(DATASET Opens)
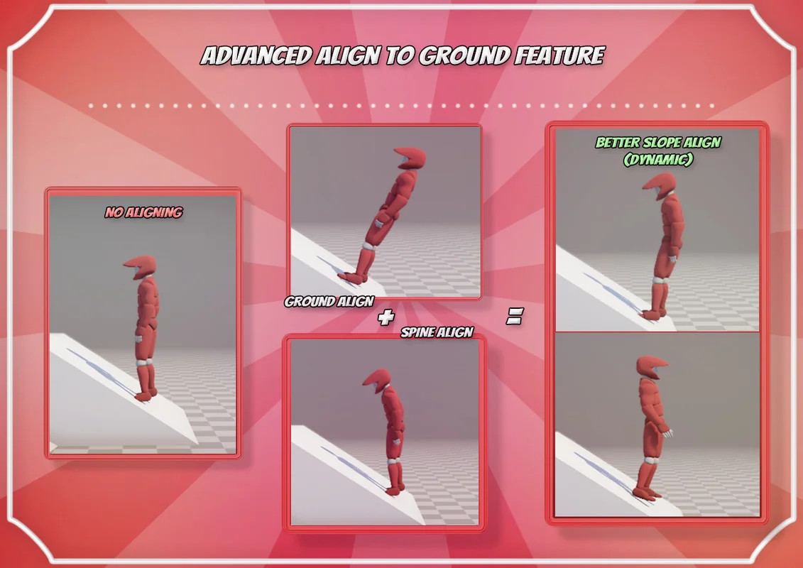 One of the primary functions of the system is its ground adjustment capability. This feature aligns the character model to the terrain by rotating the whole model in conjunction with specific spine rotation alignment. This process is intended to simulate a character finding their balance pose while traversing uneven ground, such as running up or down slopes or across tilted surfaces.
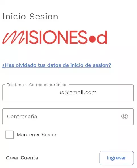 Al confirmar la creación de la cuenta será redirigido a la pantalla inicial, donde deberá ingresar su información de Inicio de Sesión que eligio en Crear Cuenta
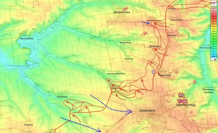 Внимание, угроза: По данным радиоперехватов и визуального контроля, командование ВСУ готовит на этом участке упреждающий контрудар. В западные предместья Покровска стягиваются подразделения 7-го штурмового корпуса ВСУ. Их очевидная цель - ударить во фланг и тыл нашей наступающей группировке в районе Гришино и Доброполья.
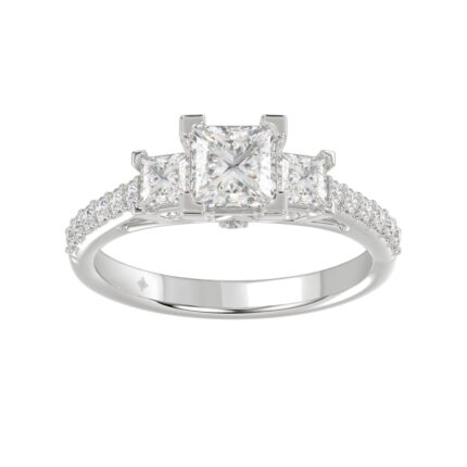 LADIES RING 1 3/4CT PRINCESS/ROUND DIAMOND 14K WHITE GOLD (CENTER STONE PRINCESS DIAMOND 1CT )
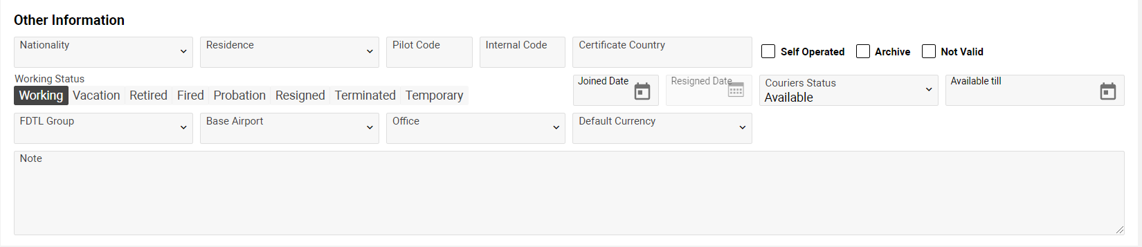 The Nationality, RESIDENCE, Couriers Status, FDTL Group, Base Airport, Office, Default Currency selectors
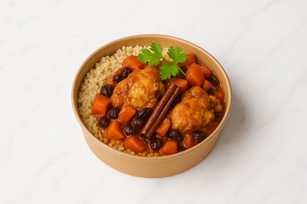 Un plat oriental sucré-salé, où le poulet mijoté, les oignons,
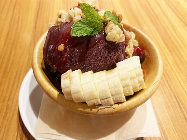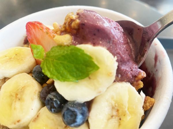 アサイーは甘さ控えめでほんのりの酸味。あっさりとした味わいです。バナナの甘さやベリーの酸味で、アサイーの味に深みが増しました。グラノラが冷たい口の中をやわらげてくれました。
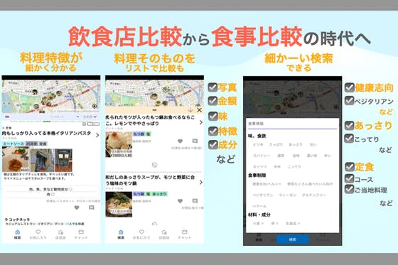 食事自体を比較して飲食店を探せるアプリ「日本メニュー表」で、コース料理や食べ放題や定食、それから「ベジタリアン」や「ヴィーガン」「ご当地料理」を食べたい人が「パ...
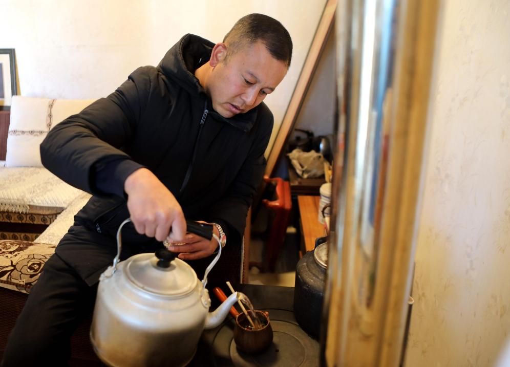 2月10日,元古堆村村民马海龙在家里煮罐罐茶。新华社记者 王朋 摄
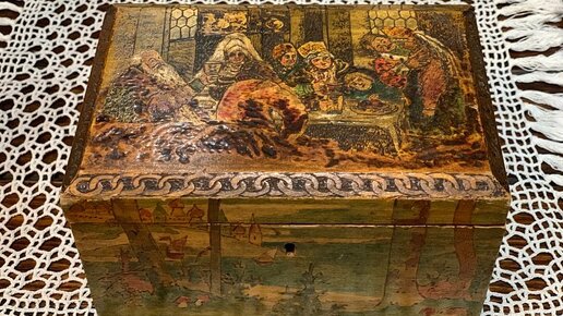 Русская шкатулка всегда славилась удивительной отделкой. На крышках создавались не просто красивые узоры, а целые сюжетные картины!⠀ В конце XIX века при Кустарном музее Сергиева Посада была разработана роспись с применением выжигания по дереву. Она получила большую популярность, и её стали называть по фамилии автора «соколовская». Московское губернское земство в 1891 г. открыло в Сергиевом Посаде учебно-производственные мастерские, в которых с местными кустарями работали такие известные художники, как Малютин, Васнецовы, Соколов...
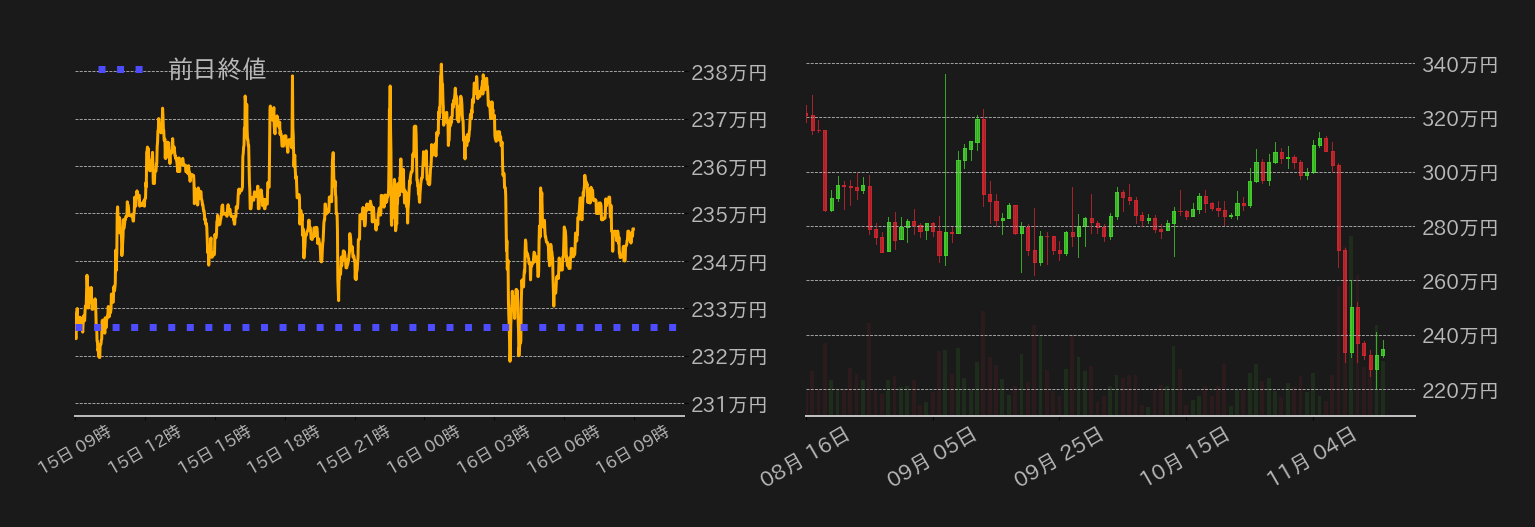 15日のビットコイン(BTC)対円相場は230万円台で小幅に続伸。週明けの踏み上げによる相場反転と、バイナンスの「業界復興基金(Industry Recovery Fund)」設立により市場のムードが少しづつ押し上げられ、昨日の東京時間のBTCは小確り。注目された10月の米卸売物価指数(PPI)は予想を下回る上昇率となり、相場は一時17,000ドル水準(≒237.6万円)を回復したが、米国債利回り急低下によるドル円相場の下落でBTC対円は上げ幅を圧縮された。一方、米市場後半にはロシア軍のミサイルが北大西洋条約機構(NATO)加盟国のポーランドに着弾したとの報道がリスクオンムードに冷や水を浴びせ、BTC相場は米株の反落に連れ安。足元では前日終値近辺で反発しているが、終値での節目17,000ドル水準回復に失敗した。
(DATASET Closes)
- PROBLEM:
In the entries above, every line from the line with "Внимание, угроза: По" to the line with "LADIES RING 1" is to be printed exactly, with both ends included and pictures excluded.

- RESULT FOR THIS EXERCISE:
 Внимание, угроза: По данным радиоперехватов и визуального контроля, командование ВСУ готовит на этом участке упреждающий контрудар. В западные предместья Покровска стягиваются подразделения 7-го штурмового корпуса ВСУ. Их очевидная цель - ударить во фланг и тыл нашей наступающей группировке в районе Гришино и Доброполья.
 LADIES RING 1 3/4CT PRINCESS/ROUND DIAMOND 14K WHITE GOLD (CENTER STONE PRINCESS DIAMOND 1CT )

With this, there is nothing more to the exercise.